There are different ways that providing medical treatment to one patient might harm other individuals. It is possible that treating a patient in a particular way, or in a particular place might cause health risks for others.Footnote 2 Alternatively, providing treatment might cause psychological distress to others.Footnote 3 Arguably though, the most likely and most important way that providing treatment to one patient could harm others is through consuming limited resources in a public health system. In intensive care, there are a finite number of physical spaces and staff to care for patients. More broadly, public health systems have finite budgets within which to provide a range of competing medical priorities. All such systems need to make decisions about where their resources will be directed: which illnesses will be treated, which treatments will be provided, and which populations will receive those treatments? Where one patient receives highly expensive treatment, the necessary corollary in a closed public health system is that somewhere else in the system something that is desired cannot be provided.

Cost-effectiveness

One widely used way of deciding between different priorities for funding in a publicly funded healthcare system is to compare their cost effectiveness. In a cost-effectiveness analysis, the costs of an intervention are divided by its benefits, setting up a cost-effectiveness ratio. Interventions with a lower cost-effectiveness ratio are preferred.
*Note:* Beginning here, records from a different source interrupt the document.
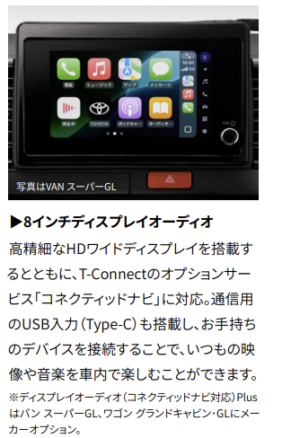 8インチの大型ディスプレイオーディオが全車標準装備され、スマートフォンとの連携も強化されました。Apple CarPlayやAndroid Autoに対応し、使い慣れたスマートフォンのアプリをそのまま車内で利用できます。T-Connectのコネクティッドナビにも対応し、最新の交通情報を活用したルート案内が可能です。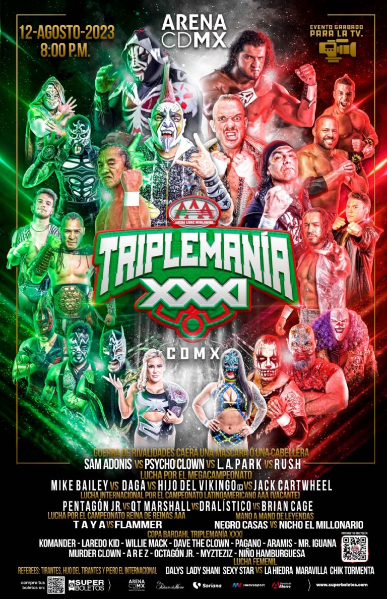 La división femenil pondrá en juego el Campeonato Reina de Reinas que ostenta Taya y que Flammer tratará de arrebatárselo. Mientras que por la llamada Copa Triplemanía se enfrentarán Komander, Laredo Kid, Willie Mack, Dave The Clown, Pagano, Aramis, Mr. Iguana, Murder Clown, Arez, Octagón Jr. y Myzteziz Jr. La cartelera la abrirá una lucha de tercias femenil en donde Dalys, Lady Shani y Sexy Star se medirán a Hiedra, Lady Maravilla y Chik Tormenta.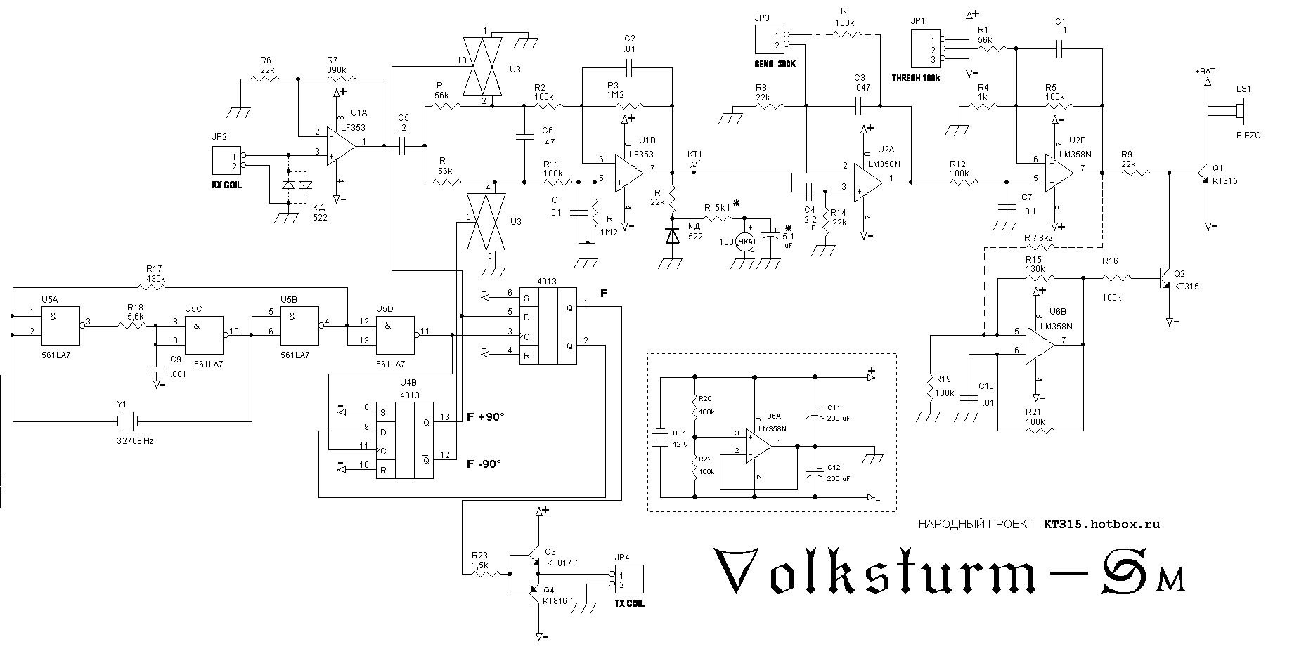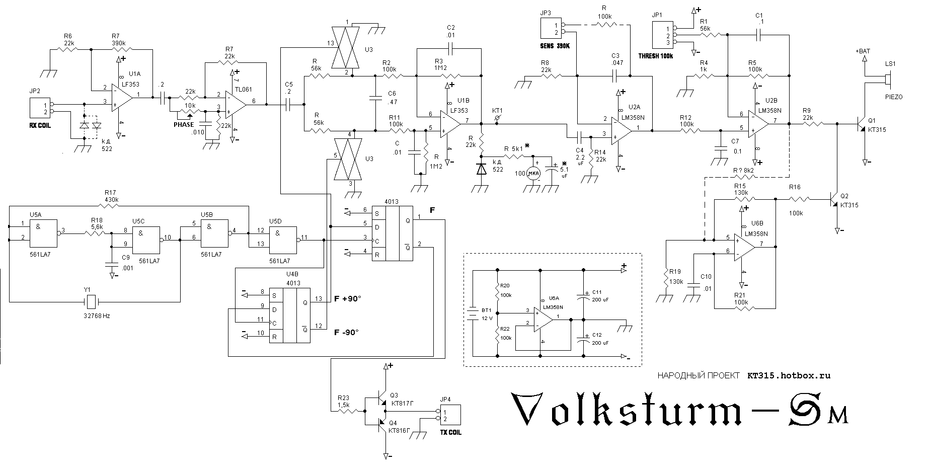 Thanks Gervm.Originally posted by Gervm View PostP1 really consist of 2 resistors connected sequentially - they tune phase. One does it roughly anoter does it smoothly or you can use one good many turns resistor as shown in circuit. R5 - 470kom. At the table it can "find" coin at 25-40 santimeters. It depends of diametre of coin and quality of unit and its head. Working requency is 8 kHz.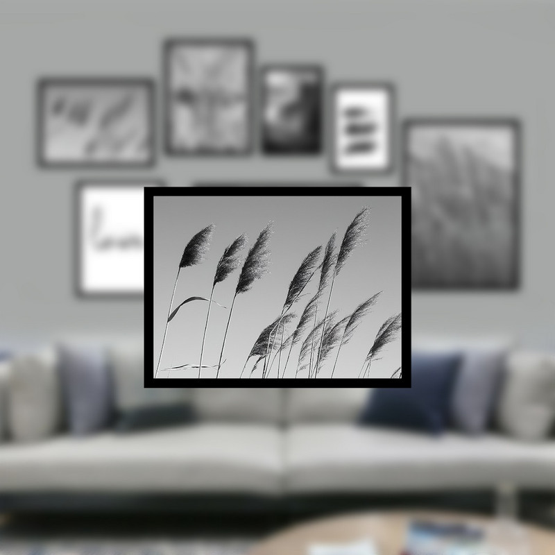 تابلو بکلیت مدل طرح دکوراتیو گل نی و سیاه و سفید B-1013 مجموعه 7 عددی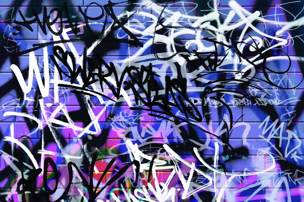 Fototapete: Künstlerische Beschriftungen an einer violetten Backsteinmauer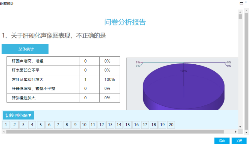 分组统计:统计各个部门学员问卷完成人数,比例等。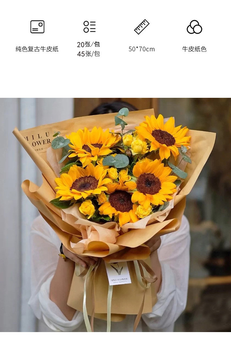 Fábrica al por mayor de papel Kraft de color primario flor papel de regalo floristería ramo floral embalaje de papel Kraft de color sólido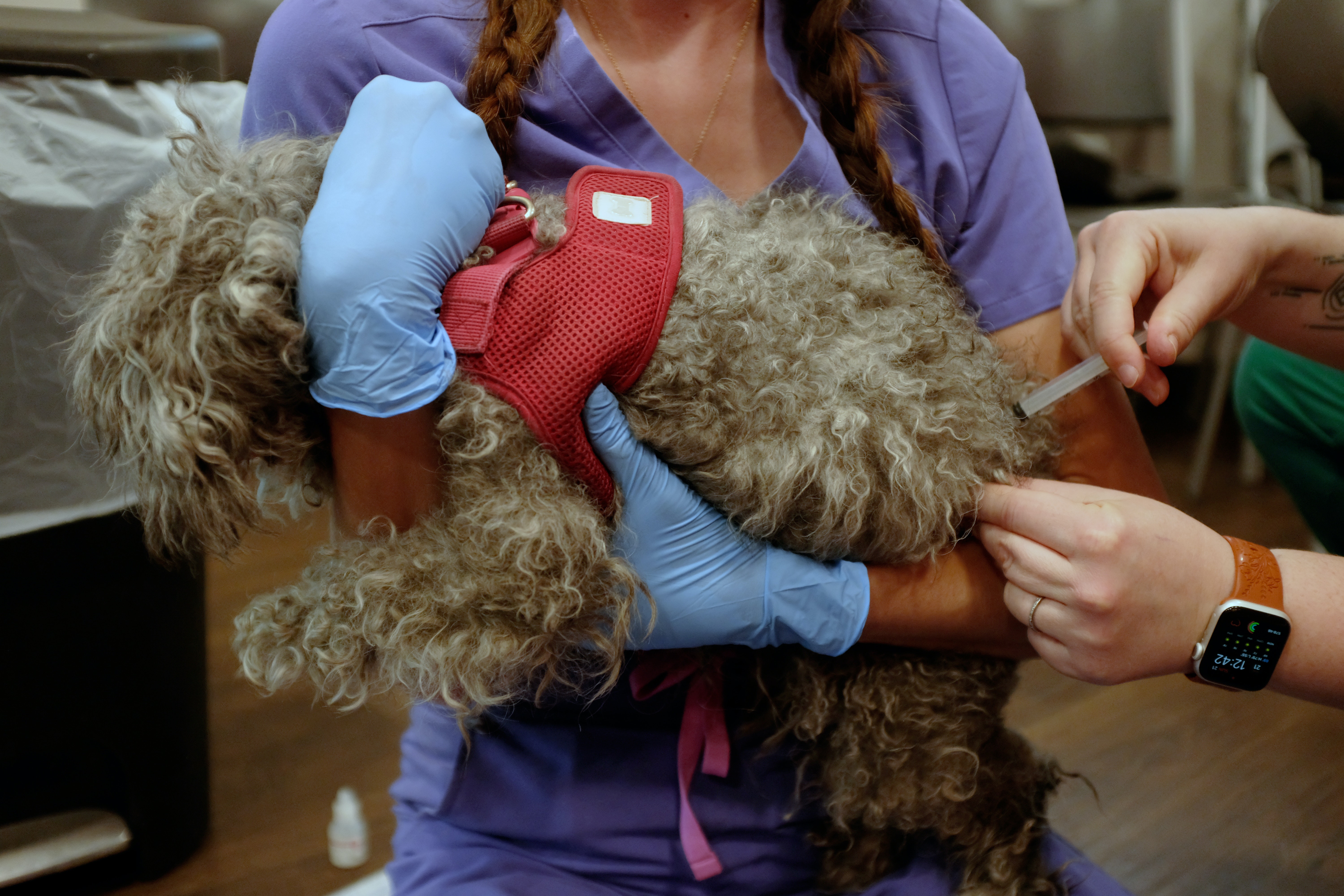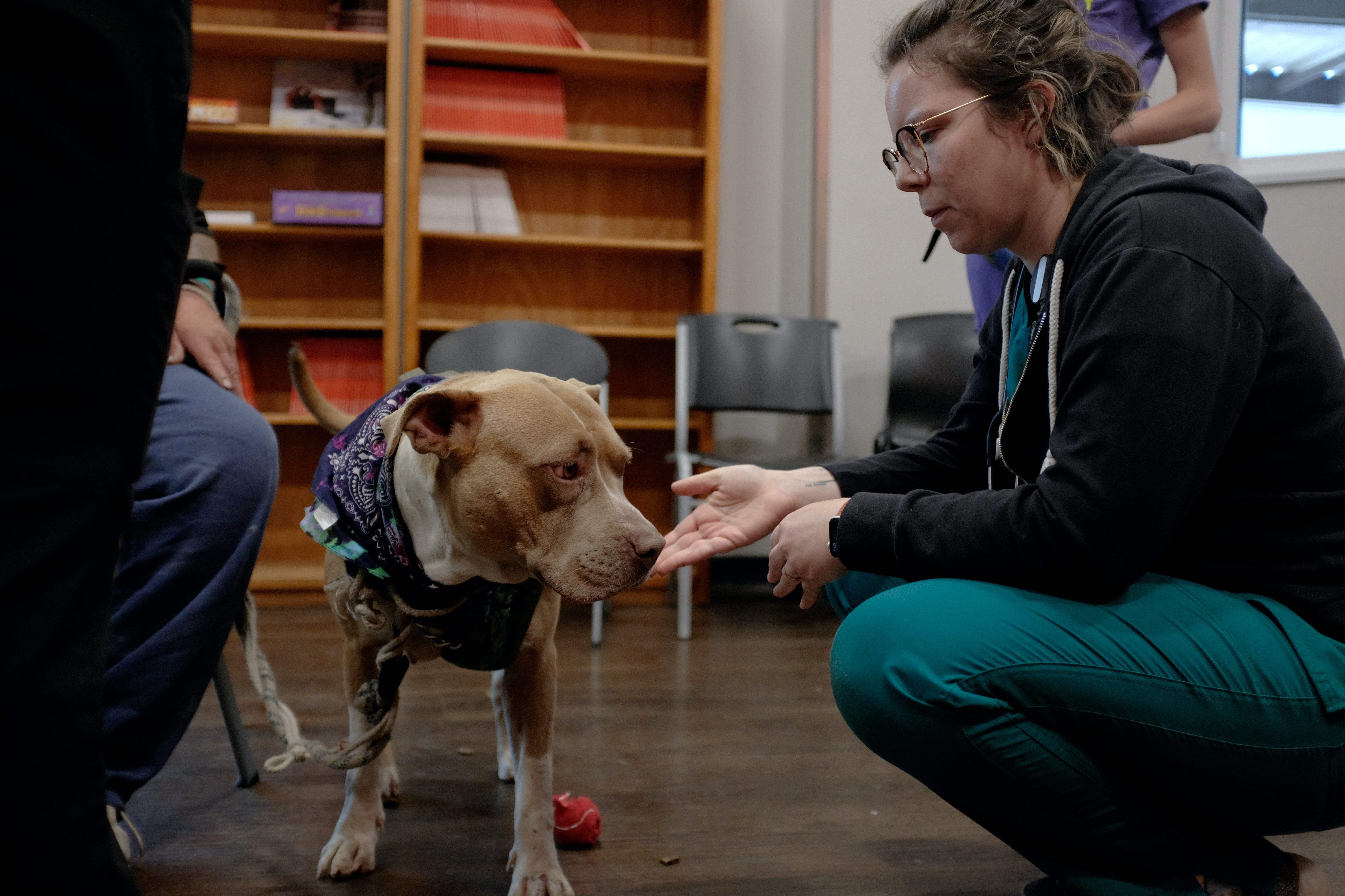 Dr. Taylor DeWitt volunteers with Street Dog Coalition to provide free veterinary care for dogs at the Springs Rescue Mission. (Zach Ben-Atmos/Rocky Mountain PBS)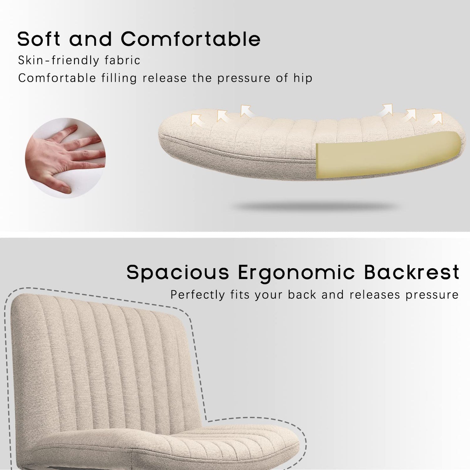 PUKAMI Criss Cross Chair,Comfy Cross Legged Office Desk Chair No Wheels,Cute Makeup Vanity Chair,Fabric Modern Swivel Height Adjustable Mid Back Wide Seat Computer Task Chair for Home Office(Beige)

Cost-effectiveness analysis takes into consideration two factors that are important to decision-makers. The cost of treatment has direct implications for the number of individuals who are able to benefit from health systems with a fixed budget. When alternative treatments are equally effective (i.e. the denominator in cost-effectiveness comparison is the same), choosing a less expensive treatment simply means that more patients are able to be treated. Where we are contemplating life-saving treatment, cheaper treatment means that more lives will be saved. The effect of treatment has implications for the amount of value (usually understood in terms of health benefit) that the health system is able to promote or improve. If the numerator (cost) is the same, cost-effectiveness analysis will favour more effective treatments.

Although the underlying principles are simple, and widely accepted in many countries, translating them into practice is much more complicated (Bognar and Hirose 2014; Wilkinson and Savulescu forthcoming). Assessing the effectiveness of treatments includes factoring in uncertainty and a wide range of possible outcomes. Determining the costs of treatment can include complicated estimation and projection as well as decisions about which costs to include. Comparing different treatments and illnesses, particularly where there is an attempt to quantify effectiveness raises questions about commensurability. Evaluating the impact of treatment invokes difficult and controversial questions about how we should evaluate wellbeing and states of health and disability.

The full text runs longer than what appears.